In Landau & Lifshitz's QM book, p86, a derivation of the eigenvalues of the angular momentum operator is given by taking its expression in polar form in one component (say $z$): $$-i\frac{\partial{\psi}}{\partial\phi}=l_z\psi,$$ solving for $\psi$ to get $$\psi = f(r,\theta)e^{il_z\phi},$$ and then making the argument

"If the function $\psi$ is to be single valued, it must be periodic in $\phi$ with period $2\pi$. Hence we find $l_z=m$, where $m=0,+-1,+-2,...$ Thus the eigenvalues $l_z$ are the positive and negative integers including 0."

I don't understand the argument in quotations. In complex analysis to make a complex exponential single valued we choose a branch, which would translate here to imposing the condition $0\leq l_z\phi \leq 2\pi$. I don't see how this translates into forcing $l_z$ to be an integer.

Answer 1

The argument is that (single particle) wavefunctions should satisfy $\psi(\phi)=\psi(\phi+2\pi)$ since rotating a distribution by $2\pi$ about the $z$ axis should leave the distribution invariant.

Thus, $e^{im\phi}=e^{im \phi}e^{2i \pi m}$ implies $m$ should be an integer.

Answer 2

If you don't make a branch cut, you have a function that wraps around from $0$ to $2\pi$ and keeps going. It may well have different values at $\phi$ and $\phi + 2\pi$. But if $l_z$ is an integer, the values will be the same.

Answer 3

There is an interesting argument based on manipulating the operators into suitable forms and relating them to the quantum mechanical harmonic oscillator, which does not require the single-valued-ness of the wavefunction. As far as I am concerned, this proof has already been outlined here, but I shall provide a more dimensionally consistent version of the proof.

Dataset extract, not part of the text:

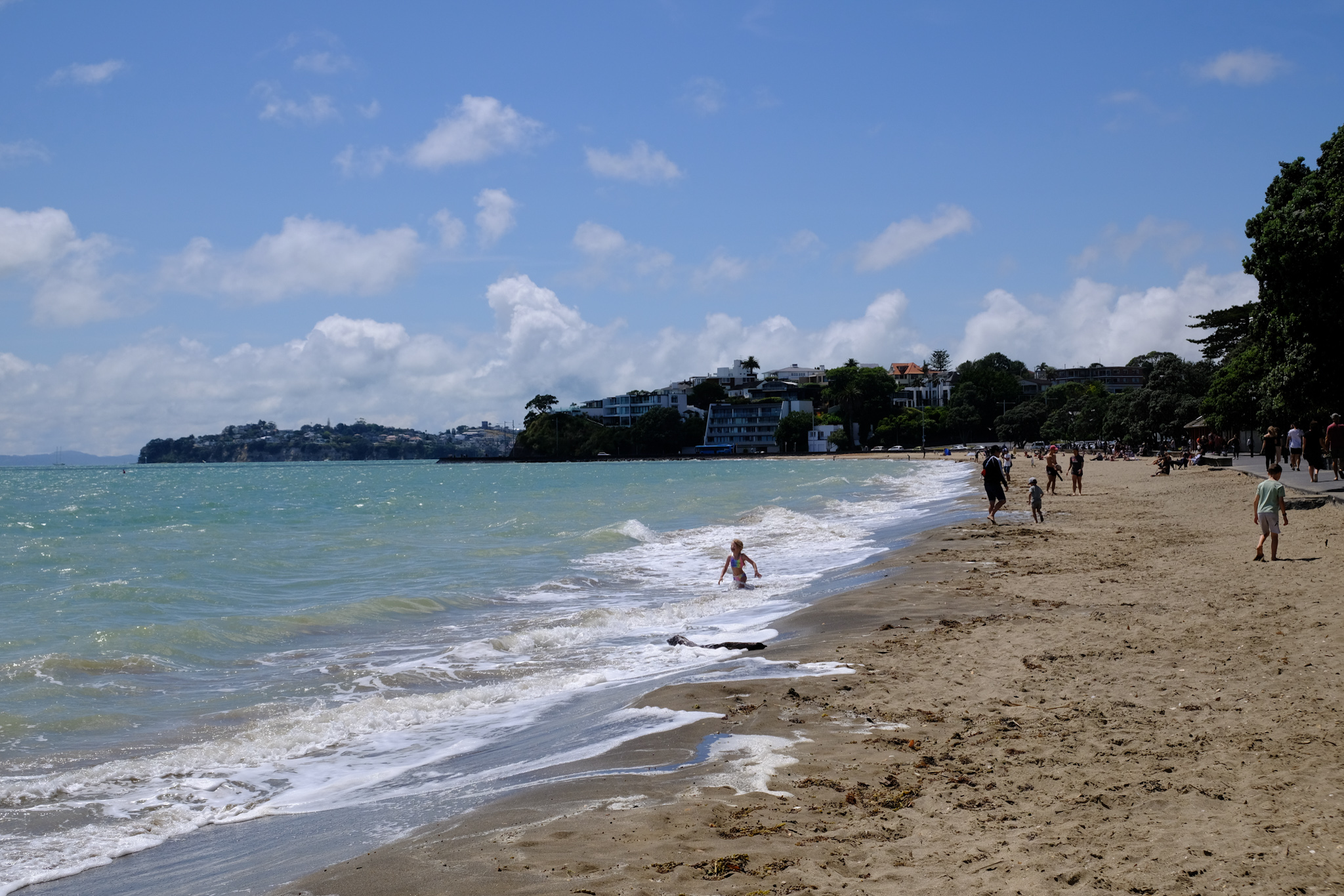 An der dritten Haltestelle, Bastion Point, bin ich dann das erste Mal ausgestiegen. Dieses historische Reservat bietet einen herrlichen Blick über Waitemata Habour, Rangitoto und die Skyline von Auckland. Bastion Point ist ein historisch wichtiger Ort in der neuseeländischen Geschichte als Teil der Maori-Proteste der 1970er Jahre gegen die erzwungene Enteignung durch Nicht-Maori-Neuseeländer. Ich habe den Halt genutzt, um das 10 Minuten entfernte Mission Bay zu erkunden.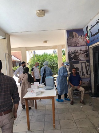 حيث تم أخذ مسحات  من الموظفين إضافة إلى تقديم النصائح والإرشادات الصحية للوقاية من الفيروس .

First we adopt the non-dimensionalised operators $$ \xi_{\{x,y\}} = \sqrt{\frac{m\omega}{\hbar}}\{x,y\} ,\quad \pi_{\{x,y\}}=\frac{\{p_x,p_y\}}{\sqrt{m\omega\hbar}}.$$

Now the azimuthal angular momentum becomes $$ L_z = \hbar\left(\xi_x\pi_y-\xi_y\pi_x\right). $$ Then we make the following transformation: $$ Q_1 = \frac{\xi_x+\pi_y}{\sqrt{2}},\quad Q_2 = \frac{\xi_x+\pi_y}{\sqrt{2}},\quad P_1 = \frac{\pi_x-\xi_y}{\sqrt{2}},\quad P_2 = \frac{\pi_x+\xi_y}{\sqrt{2}},$$ and note that the variables here obey the canonical commutation relation $$ \left[Q_i,Q_j\right] = \left[P_i,P_j\right] = 0,\quad \left[Q_i,P_j\right] = i\hbar\delta_{ij}. $$

This means we can treat them as formal position and momentum operators, leading to the quantum harmonic oscillator Hamiltonians $$ \mathcal{H}_1 = \frac{\hbar\omega}{2}\left(Q_1^2+P_1^2\right),\quad \mathcal{H}_2 = \frac{\hbar\omega}{2}\left(Q_2^2+P_2^2\right). $$

Calculate their difference to get $$ \mathcal{H}_1-\mathcal{H}_2 = \hbar\omega\left(\xi_x\pi_y-\xi_y\pi_x\right) = \omega L_z . $$ But $$ \mathcal{H}_1-\mathcal{H}_2 = \hbar\omega\left(n_1+\frac{1}{2}\right) - \hbar\omega\left(n_2+\frac{1}{2}\right) = \hbar\omega\left(n_1-n_2\right) , $$

so $$ L_z = \hbar\left(n_1-n_2\right) = m\hbar,\quad m\in\mathbb{Z}. $$